L’Humanité bientôt en redressement judiciaire ?

Certains journalistes, ceux de BFM TV pour ne pas les nommer, ayant été quelque peu malmenés par les gilets jaunes sur les ronds-points, il nous a été assené par les médias que s’en prendre à ces mêmes journalistes équivalait un peu à s’attaquer à la démocratie ; laquelle a un coût, comme chacun sait.

Ainsi, le journal L’Humanité vient-il de se déclarer en cessation de paiement et de se placer sous la protection du tribunal de commerce de Bobigny. Ce n’est pas la première fois que le quotidien communiste doit faire face à de tels problèmes de trésorerie. En 2000, c’est l’ouverture à des investisseurs privés ; le capitalisme a parfois du bon. En 2011, c’est Nicolas Sarkozy qui, selon Le Point, doit personnellement intervenir afin que l’État rachète le siège du journal, lui permettant ainsi de continuer de paraître ; à droite, tout n’est pas forcément à jeter.

Mais il paraît que, cette fois-ci, la situation serait grave. Aussi grave que celle du Parti communiste, jadis son autorité de tutelle, dont faucille et marteau en une ont été bazardés en 1994 ? Si tel est le cas, ça doit vraiment être très grave.

Pourtant, et c’est là que la démocratie a un coût, tel qu’écrit plus haut, ce journal, même si luttant contre l’argent roi, n’a rien contre celui du contribuable. Car, en France, tous les journaux sont subventionnés à hauteur de leur diffusion. Du Figaro aux Échos (titres pourtant historiquement hostiles à la subventionnite ambiante), en passant par Le Monde et… L’Humanité. À titre d’exemple, c’est Aujourd’hui, l’édition nationale du Parisien, qui touche le pactole, avec près de 8 millions d’euros annuels. Le quotidien communiste, lui, pointe à la septième place du palmarès, avec plus de 3,5 millions d’euros chaque année. De quoi voir venir, pourtant. On notera encore que, de tous ces journaux, c’est L’Humanité qui dépend le plus de cette dotation, sachant qu’elle représente 36 centimes d’euro sur un prix d’achat au numéro de 2 euros, contre seulement 2 centimes d’euro pour Le Figaro*.

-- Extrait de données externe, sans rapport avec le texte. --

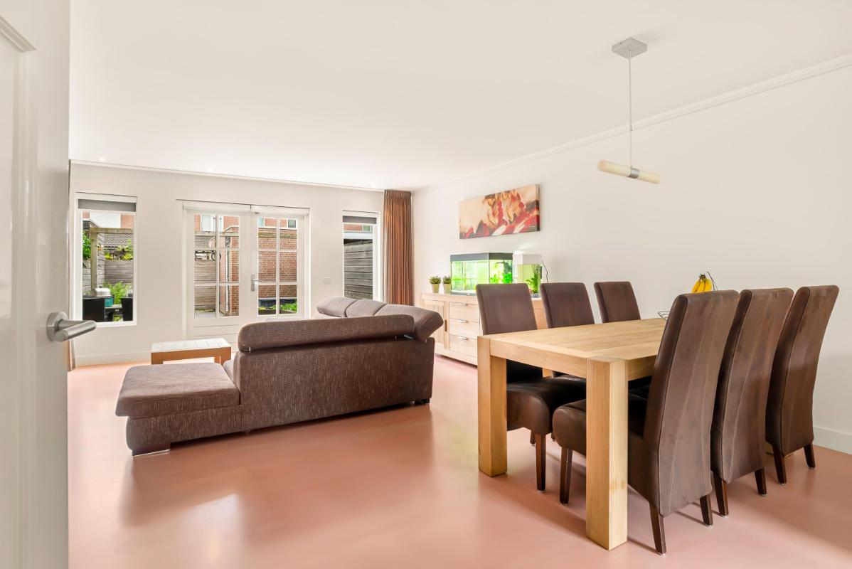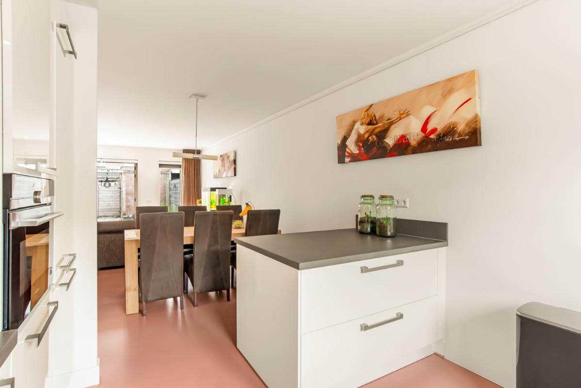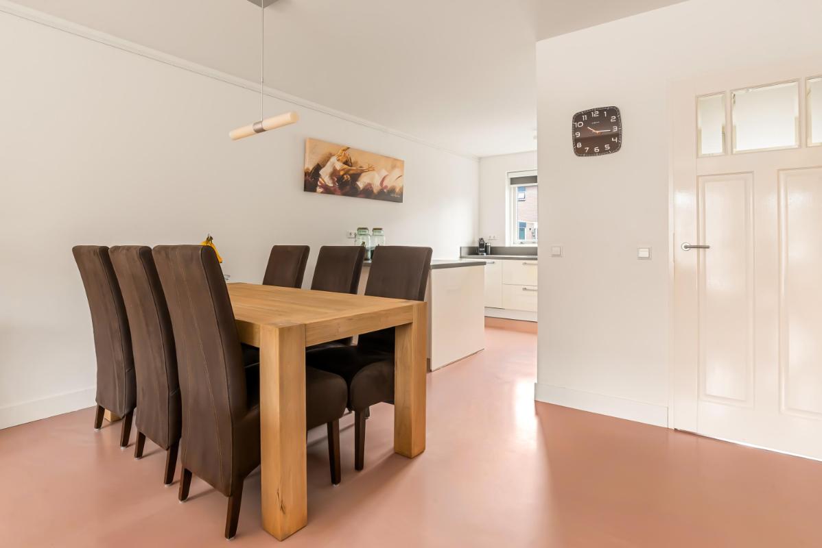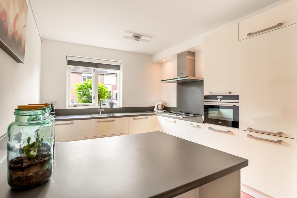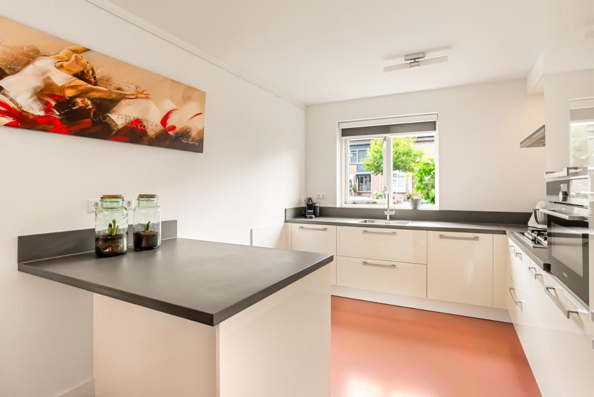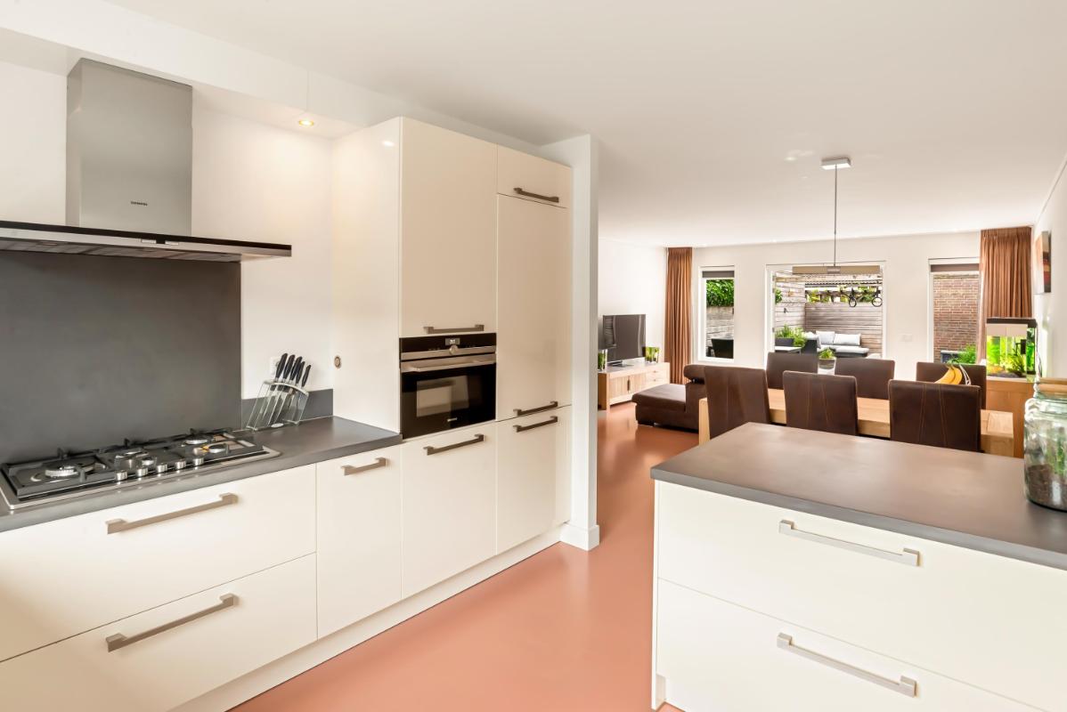 Bij binnenkomst via de entree komt u in een hal met een trapopgang naar de eerste verdieping. Vanuit de hal heeft u toegang tot het toilet, uitgerust met een wandcloset en een fonteintje. De tuingerichte woonkamer is voorzien van openslaande deuren die direct naar de achtertuin leiden. Aan de voorzijde van de woning bevindt zich de open keuken, geplaatst in een L-opstelling met een schiereiland. Het schiereiland beschikt aan één kant over een bargedeelte, wat de keuken een gezellige en praktische uitstraling geeft. De keuken is compleet uitgerust met een 5-pits gaskookplaat, vaatwasser, combimagnetron, koel-vriescombinatie en afzuigkap. De vloer op de begane grond is afgewerkt met een moderne gietvloer met vloerverwarming, wat zorgt voor extra comfort.

Toujours à titre de comparaison, le quotidien catholique Présent, fondé en 1982, ne perçoit, lui, que 260.000 euros par an, alors que sa diffusion se situe globalement dans les mêmes eaux : un peu moins de 30.000 exemplaires pour L’Humanité et un peu plus de 10.000 pour Présent. Des chiffres qu’il convient encore de moduler, à en croire Francis Bergeron, gérant du quotidien Présent « Il faut savoir que les ventes de L’Humanité sont artificiellement gonflées, grâce à des arrangements avec la CGT ou, naguère, le comité d’entreprise d’EDF qui achetait des journaux par palettes entières, histoire de faire monter la subvention d’État. » Petits arrangements qui, en 2014, ont d’ailleurs valu à ce journal une « condamnation pour détournements de fonds ». À notre connaissance, il n’y a pas eu appel.

Au fait, comment expliquer que ce quotidien d’à peine plus de vingt pages ait encore besoin de 175 salariés, dont 124 journalistes ? Francis Bergeron, toujours : « À Présent, nous parvenons à sortir huit pages par jour, soit seulement trois fois moins de pages, avec, en tout et pour tout, quatre journalistes et une poignée de pigistes dont beaucoup sont bénévoles ! » À croire que le militantisme prolétarien n’est plus ce qu’il fut et que les nationaux-catholiques ont encore de l’énergie, du dévouement et de l’enthousiasme à revendre.

Dans l’URSS de jadis, on célébrait l’ouvrier Alekseï Stakhanov, connu pour sa légendaire puissance de travail. Il reçut même par deux fois l’ordre de Lénine, honneur sûrement bien mérité. Il serait peut-être opportun, pour nos aimables confrères, de s’inspirer de cette auguste figure. À quand un ordre Fernand-Sardou, par exemple, dont la devise pourrait être « Aujourd’hui peut-être ou alors demain » ?

Enfin, on dit ça, mais c’est juste un conseil – qui ne coûtera pas un rond au contribuable, il va de soi – pour rendre service à nos estimés collègues. Et à la démocratie, au passage, et ce, tant qu’à faire.

(*) Chiffres pour l’année 2015, mais qui n’ont guère varié depuis.